(Items listed in a dataset)
• • • • •

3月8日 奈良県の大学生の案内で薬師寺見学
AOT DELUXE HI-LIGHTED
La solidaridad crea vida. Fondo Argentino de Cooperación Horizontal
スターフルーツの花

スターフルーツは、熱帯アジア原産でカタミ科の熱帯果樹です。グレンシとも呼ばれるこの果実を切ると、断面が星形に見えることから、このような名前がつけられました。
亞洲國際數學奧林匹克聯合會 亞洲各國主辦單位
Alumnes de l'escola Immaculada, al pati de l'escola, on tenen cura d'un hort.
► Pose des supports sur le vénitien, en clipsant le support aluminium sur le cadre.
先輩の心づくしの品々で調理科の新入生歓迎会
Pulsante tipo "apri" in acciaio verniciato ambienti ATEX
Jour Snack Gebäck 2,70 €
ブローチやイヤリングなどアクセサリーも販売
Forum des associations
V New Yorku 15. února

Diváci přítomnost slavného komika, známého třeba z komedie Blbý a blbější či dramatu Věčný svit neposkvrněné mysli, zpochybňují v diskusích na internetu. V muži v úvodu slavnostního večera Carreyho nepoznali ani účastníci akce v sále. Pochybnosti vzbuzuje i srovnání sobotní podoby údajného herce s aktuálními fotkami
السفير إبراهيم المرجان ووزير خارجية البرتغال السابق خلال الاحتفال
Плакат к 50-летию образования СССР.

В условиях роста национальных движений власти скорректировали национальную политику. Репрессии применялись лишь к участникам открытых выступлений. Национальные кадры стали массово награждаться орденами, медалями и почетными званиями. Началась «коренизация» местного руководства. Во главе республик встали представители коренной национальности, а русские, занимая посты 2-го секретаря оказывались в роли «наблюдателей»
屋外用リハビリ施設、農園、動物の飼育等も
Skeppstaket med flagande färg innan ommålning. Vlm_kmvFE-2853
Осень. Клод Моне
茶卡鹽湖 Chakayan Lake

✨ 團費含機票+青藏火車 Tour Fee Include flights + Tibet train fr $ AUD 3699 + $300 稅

• • • • •

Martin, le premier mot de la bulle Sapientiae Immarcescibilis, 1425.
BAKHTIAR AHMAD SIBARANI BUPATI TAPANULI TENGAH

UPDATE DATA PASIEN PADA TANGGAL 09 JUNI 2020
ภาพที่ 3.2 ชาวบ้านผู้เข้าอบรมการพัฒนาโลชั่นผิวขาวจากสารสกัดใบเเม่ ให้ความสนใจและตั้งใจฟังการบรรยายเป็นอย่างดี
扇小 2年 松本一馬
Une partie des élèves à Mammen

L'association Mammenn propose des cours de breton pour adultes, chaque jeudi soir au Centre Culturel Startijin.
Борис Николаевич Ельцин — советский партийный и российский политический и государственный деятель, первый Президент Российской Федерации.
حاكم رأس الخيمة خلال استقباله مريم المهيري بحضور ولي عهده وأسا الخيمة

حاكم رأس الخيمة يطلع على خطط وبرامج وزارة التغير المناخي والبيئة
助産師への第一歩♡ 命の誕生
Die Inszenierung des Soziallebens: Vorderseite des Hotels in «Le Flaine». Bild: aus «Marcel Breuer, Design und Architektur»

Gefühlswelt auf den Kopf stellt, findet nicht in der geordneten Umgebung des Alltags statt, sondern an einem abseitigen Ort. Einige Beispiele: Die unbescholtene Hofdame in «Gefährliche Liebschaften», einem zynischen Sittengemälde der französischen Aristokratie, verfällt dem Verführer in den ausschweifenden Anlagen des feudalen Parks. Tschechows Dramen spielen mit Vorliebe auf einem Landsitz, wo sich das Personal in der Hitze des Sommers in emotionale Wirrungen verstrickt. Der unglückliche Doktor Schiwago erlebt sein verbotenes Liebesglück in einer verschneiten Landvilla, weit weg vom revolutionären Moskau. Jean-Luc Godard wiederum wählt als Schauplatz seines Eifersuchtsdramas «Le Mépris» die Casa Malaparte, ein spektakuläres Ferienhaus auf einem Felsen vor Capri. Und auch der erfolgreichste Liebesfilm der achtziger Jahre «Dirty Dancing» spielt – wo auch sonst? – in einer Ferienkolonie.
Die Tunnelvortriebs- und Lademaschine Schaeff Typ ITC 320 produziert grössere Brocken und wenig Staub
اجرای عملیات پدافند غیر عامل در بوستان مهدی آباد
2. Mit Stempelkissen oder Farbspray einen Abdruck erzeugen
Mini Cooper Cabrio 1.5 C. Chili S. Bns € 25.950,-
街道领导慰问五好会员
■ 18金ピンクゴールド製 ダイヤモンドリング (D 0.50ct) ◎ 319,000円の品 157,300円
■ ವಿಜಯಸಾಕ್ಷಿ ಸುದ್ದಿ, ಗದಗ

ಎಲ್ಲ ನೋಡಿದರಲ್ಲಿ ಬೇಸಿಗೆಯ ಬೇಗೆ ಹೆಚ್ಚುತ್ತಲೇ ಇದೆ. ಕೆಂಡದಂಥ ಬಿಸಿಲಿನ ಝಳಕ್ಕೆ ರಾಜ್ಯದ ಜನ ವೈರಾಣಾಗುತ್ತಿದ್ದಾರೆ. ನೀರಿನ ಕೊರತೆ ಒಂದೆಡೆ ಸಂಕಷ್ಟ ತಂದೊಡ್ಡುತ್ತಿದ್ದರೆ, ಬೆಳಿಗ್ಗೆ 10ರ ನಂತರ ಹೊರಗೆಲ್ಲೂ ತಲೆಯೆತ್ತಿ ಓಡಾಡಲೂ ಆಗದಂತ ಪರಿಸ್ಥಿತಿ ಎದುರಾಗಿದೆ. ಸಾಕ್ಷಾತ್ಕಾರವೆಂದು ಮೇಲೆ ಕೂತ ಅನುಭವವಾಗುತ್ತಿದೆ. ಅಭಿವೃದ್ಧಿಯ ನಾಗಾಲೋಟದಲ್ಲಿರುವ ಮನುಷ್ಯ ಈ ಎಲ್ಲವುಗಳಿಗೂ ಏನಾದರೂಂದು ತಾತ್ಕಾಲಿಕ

• • • • •

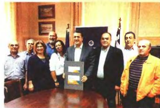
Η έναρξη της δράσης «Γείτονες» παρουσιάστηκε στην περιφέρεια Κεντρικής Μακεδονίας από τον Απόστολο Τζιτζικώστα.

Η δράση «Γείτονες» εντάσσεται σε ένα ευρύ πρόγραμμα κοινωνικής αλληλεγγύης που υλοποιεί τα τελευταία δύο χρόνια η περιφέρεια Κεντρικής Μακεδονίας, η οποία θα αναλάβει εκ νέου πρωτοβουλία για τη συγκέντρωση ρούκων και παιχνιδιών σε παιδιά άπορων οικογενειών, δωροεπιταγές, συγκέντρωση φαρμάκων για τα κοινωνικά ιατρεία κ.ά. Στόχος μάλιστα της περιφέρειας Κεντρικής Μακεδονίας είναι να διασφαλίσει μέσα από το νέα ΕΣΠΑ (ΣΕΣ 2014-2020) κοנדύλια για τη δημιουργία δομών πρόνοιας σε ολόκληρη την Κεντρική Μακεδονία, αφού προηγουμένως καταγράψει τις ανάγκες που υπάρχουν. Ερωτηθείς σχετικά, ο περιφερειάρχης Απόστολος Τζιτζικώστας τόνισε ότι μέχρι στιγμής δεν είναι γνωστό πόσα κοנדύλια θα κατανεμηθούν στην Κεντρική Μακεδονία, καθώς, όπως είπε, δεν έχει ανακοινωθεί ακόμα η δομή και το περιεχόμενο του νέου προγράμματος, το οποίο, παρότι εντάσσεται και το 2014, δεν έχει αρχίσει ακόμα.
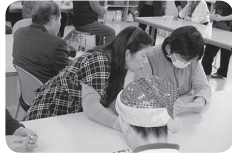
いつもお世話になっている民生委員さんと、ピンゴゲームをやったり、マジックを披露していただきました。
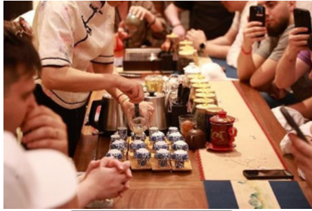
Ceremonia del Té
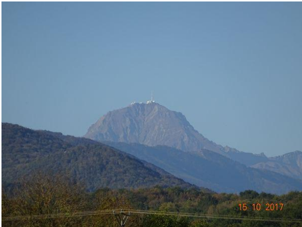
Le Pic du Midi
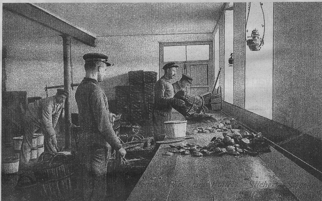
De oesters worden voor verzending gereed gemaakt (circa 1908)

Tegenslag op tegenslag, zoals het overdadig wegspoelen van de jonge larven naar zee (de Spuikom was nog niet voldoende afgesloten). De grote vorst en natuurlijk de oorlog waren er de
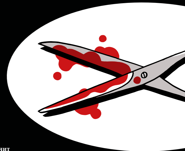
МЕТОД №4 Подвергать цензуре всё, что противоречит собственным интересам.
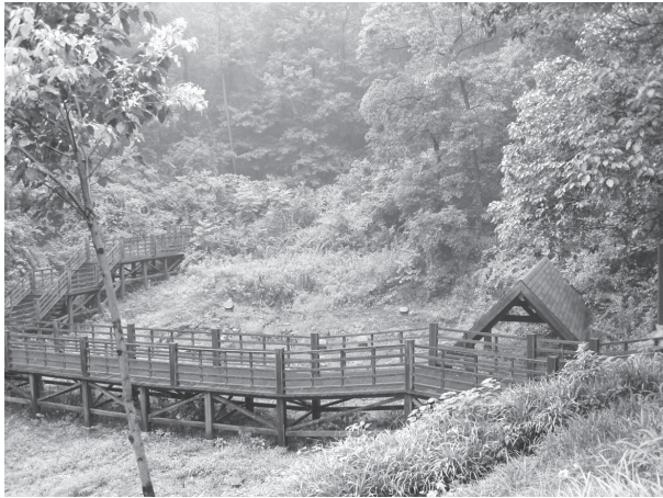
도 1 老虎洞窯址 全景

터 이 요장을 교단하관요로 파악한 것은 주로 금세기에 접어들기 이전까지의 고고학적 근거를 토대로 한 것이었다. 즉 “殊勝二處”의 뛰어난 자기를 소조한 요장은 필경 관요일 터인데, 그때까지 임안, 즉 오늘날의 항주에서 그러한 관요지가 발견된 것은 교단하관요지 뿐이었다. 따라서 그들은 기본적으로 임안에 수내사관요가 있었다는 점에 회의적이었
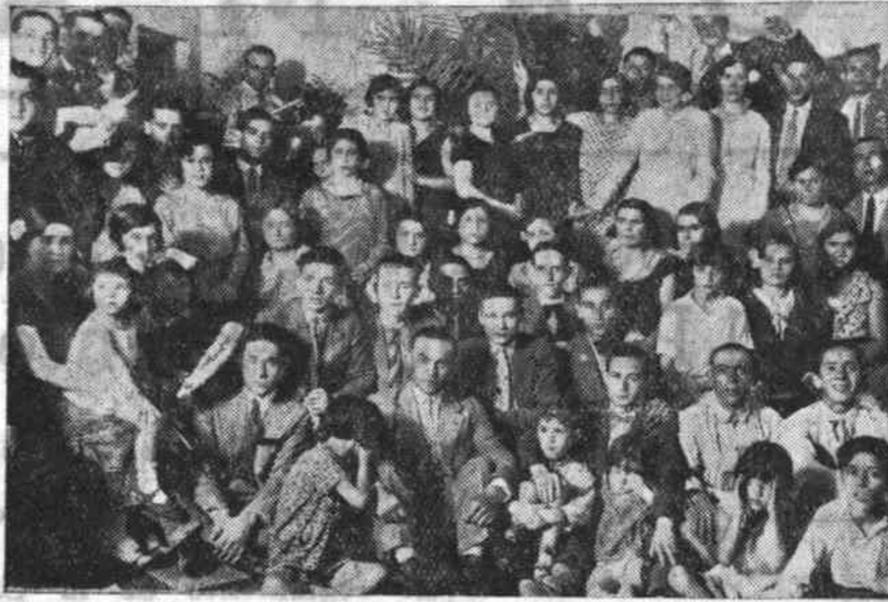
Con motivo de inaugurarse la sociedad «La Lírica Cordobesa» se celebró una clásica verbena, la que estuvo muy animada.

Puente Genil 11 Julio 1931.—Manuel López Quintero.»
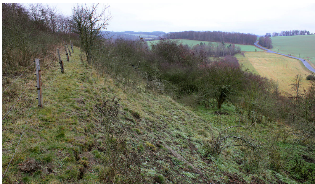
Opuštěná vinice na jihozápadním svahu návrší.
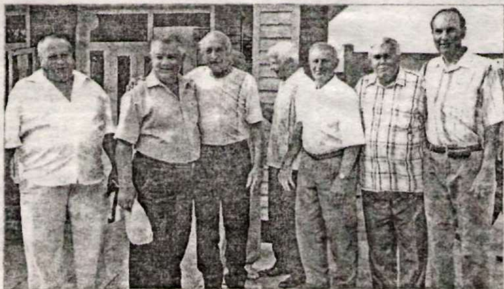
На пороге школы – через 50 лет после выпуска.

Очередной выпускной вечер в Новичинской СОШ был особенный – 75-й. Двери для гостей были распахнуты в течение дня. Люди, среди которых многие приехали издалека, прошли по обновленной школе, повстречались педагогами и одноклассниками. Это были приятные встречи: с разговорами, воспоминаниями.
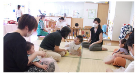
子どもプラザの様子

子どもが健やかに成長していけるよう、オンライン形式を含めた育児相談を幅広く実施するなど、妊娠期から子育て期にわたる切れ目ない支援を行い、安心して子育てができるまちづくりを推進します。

• • • • •

WORK ORDER: Looking at the entries above, say how many lines contain the word "الخيمة". Nothing but the number is needed.

THE ANSWER: 2